PROBLEM DETAILS →
A verbatim restatement of the data, free of pictures, is what you should output.

INPUT DATA →

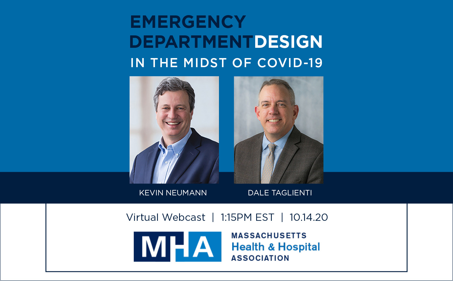 Kevin Neumann, AIA, ACHE, Partner, and Dale Taglienti, Leed AP, Partner, are guest panelists on Emergency Department Design in the Era of COVID-19 along with Paulette Vieira, MSN, MBA, RN, NE-BC, Director of Nursing/Patient Services & Emergency Services, Boston Children’s Hospital. The Massachusetts Health & Hospital Association (MHA) virtual webcast Excellence in the Emergency Department is Wednesday, October 14, 2020, 11am – 2:30pm EST. For more information or to register.
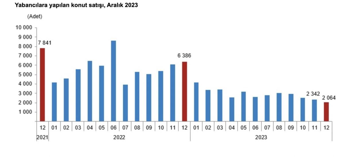 Yabancılara yapılan konut satışları 2023 yılı Aralık ayında, bir önceki yılın aynı ayına göre yüzde 67,7 azalarak 2 bin 64 oldu.
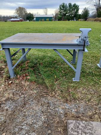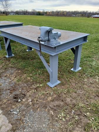 Choice of 8'x4'x36" high with 1/2" top with vise or 6'5"x4'x37" high with 1" top with vise. Heavy structural steel frames. Both have wilton mödel 1780 swivel vises with 8" wide jaws. 1600 each. Will...
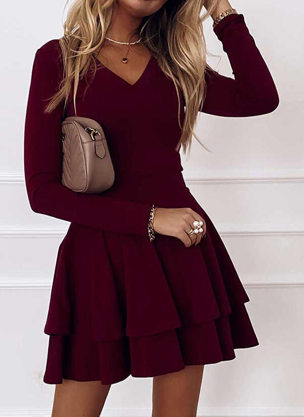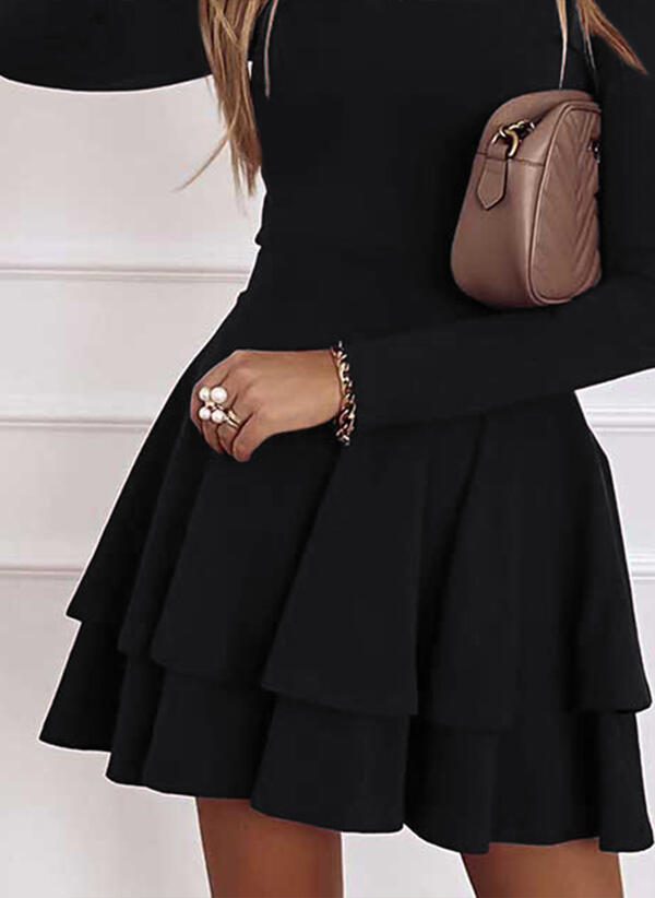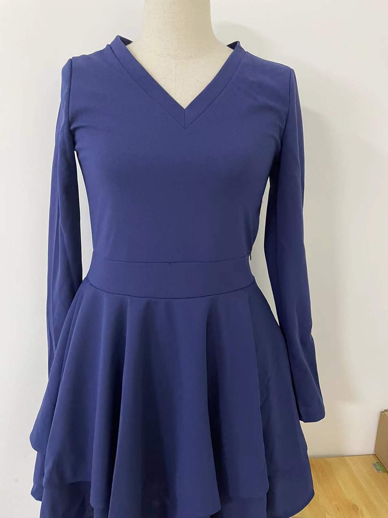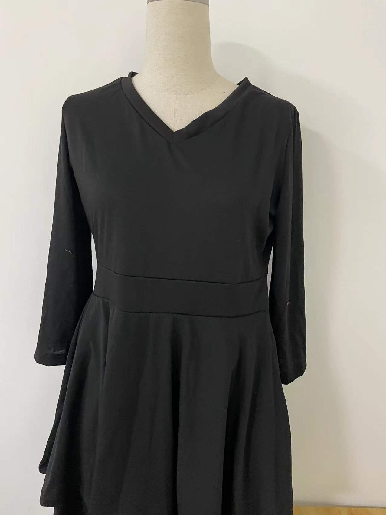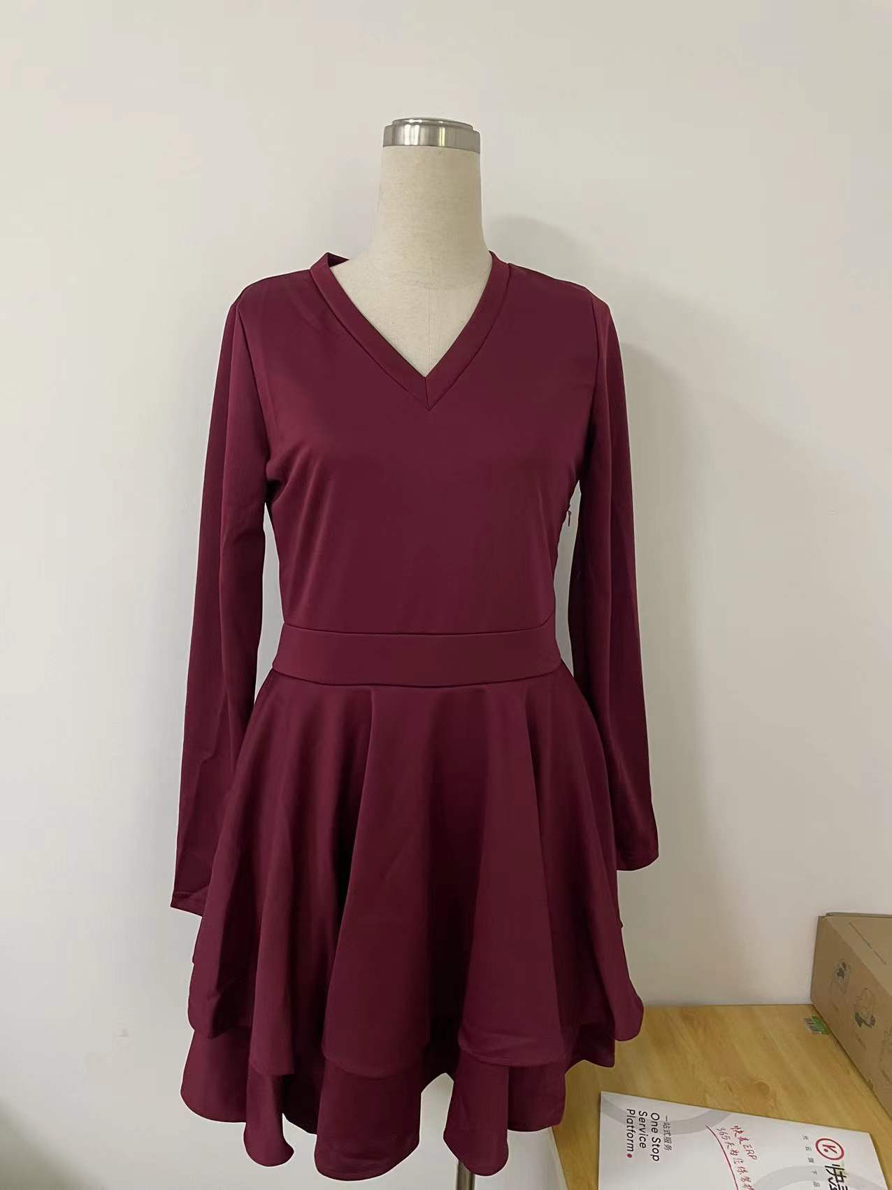 2022 독립 역 가을 새로운 솔리드 컬러 스트리트 유행 허리 풀오버 바느질 밑단 여성의 긴 소매 원피스

COMPLETED TASK →
 Kevin Neumann, AIA, ACHE, Partner, and Dale Taglienti, Leed AP, Partner, are guest panelists on Emergency Department Design in the Era of COVID-19 along with Paulette Vieira, MSN, MBA, RN, NE-BC, Director of Nursing/Patient Services & Emergency Services, Boston Children’s Hospital. The Massachusetts Health & Hospital Association (MHA) virtual webcast Excellence in the Emergency Department is Wednesday, October 14, 2020, 11am – 2:30pm EST. For more information or to register.
 Yabancılara yapılan konut satışları 2023 yılı Aralık ayında, bir önceki yılın aynı ayına göre yüzde 67,7 azalarak 2 bin 64 oldu.
 Choice of 8'x4'x36" high with 1/2" top with vise or 6'5"x4'x37" high with 1" top with vise. Heavy structural steel frames. Both have wilton mödel 1780 swivel vises with 8" wide jaws. 1600 each. Will...
 2022 독립 역 가을 새로운 솔리드 컬러 스트리트 유행 허리 풀오버 바느질 밑단 여성의 긴 소매 원피스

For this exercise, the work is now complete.